Just before kickoff Sunday, a strong wind blew over the Rocky Mountains, wreaking havoc on passes and kicks alike, although Brandon McManus tied an NFL playoff record by converting all five of his field-goal attempts and Chris Boswell made all three of his.
Manning’s teammates dropped seven passes but came through in crunch time. Denver is 10-3 in games decided by seven points or fewer, and Manning said being battle-tested helped them on this blustery night.
With Denver down 13-12 with less than 10 minutes left, cornerback Bradley Roby, burned time and again, punched the ball from Fitzgerald Toussaint’s arms and teammate DeMarcus Ware recovered at the Denver 35-yard line.
“Perfect timing,” Roby said.
Toussaint, who scored his first career TD in the first half, took it hard and blamed himself.
“This is not all on him by any means,” Roethlisberger said. “It’s on all of us.”
After Toussaint’s fumble, Manning went to work, driving Denver to its only touchdown, a 1-yard run by C.J. Anderson, followed by Demaryius Thomas’ catch on the 2-pointer that put Denver ahead 20-13 with three minutes left.
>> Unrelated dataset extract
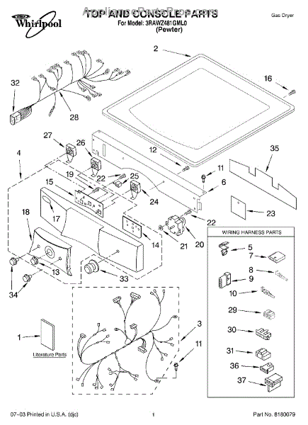 Parts for Whirlpool 3RAWZ481GML0: 01 - Top And Console Parts

That was Manning’s 55th winning drive in the fourth quarter or overtime, extending one of the dozen NFL records he owns.
Ware’s sack ended Pittsburgh’s next drive and McManus kicked his fifth field goal, joking it was such a tricky crosswind that he just kept aiming “at the guy holding the beer in the top left corner.”
Boswell made a 47-yarder with 19 seconds left, but Anderson recovered the onside kick.
Manning credited Denver’s NFL-best defense for thwarting a team that piled up 34 points on them last month and an offense that stayed patient.
“It was tough all night,” Manning said. “They’re a good defense, playing really well for the past number of weeks. So real credit to them. We had some good field position early and we had to settle for field goals. I give them credit for that. Field goals are better than no points, but we knew eventually that we needed to get a touchdown drive.”
They got that chance thanks to Roby.
“Roby got that left hand to knock the ball out and D-Ware was the man on the spot,” cornerback Aqib Talib said. “And the offense ran it down their throat. Tough team. We don’t quit until it is zero-zero-zero.”
“We’re relentless,” agreed Anderson. “We fight. We grind. We just keep fighting.”
Just like the Steelers.
Roethlisberger led an offense that had several big moments — their top eight plays netted 275 yards and their other 51 snaps resulted in just 118 yards.
“You’re right, they’re a big-play football team,” Broncos coach Gary Kubiak said. “But the good news is that we settled down defensively and found a way to sit there and hold them to 16 points.”
Roethlisberger completed 24 of 37 passes for 339 yards despite playing with a sore right shoulder and missing his top receiver — Antonio Brown (concussion) — and rusher — DeAngelo Williams (foot). Martavis Bryant had nine catches for 154 yards.
Manning completed 21 of 37 passes for 222 yards.
Two months shy of 40, Manning has said this could very well be his final hurrah, and he’s 60 minutes from another chance to win his second Super Bowl ring.
Brady — who else? — stands in his way.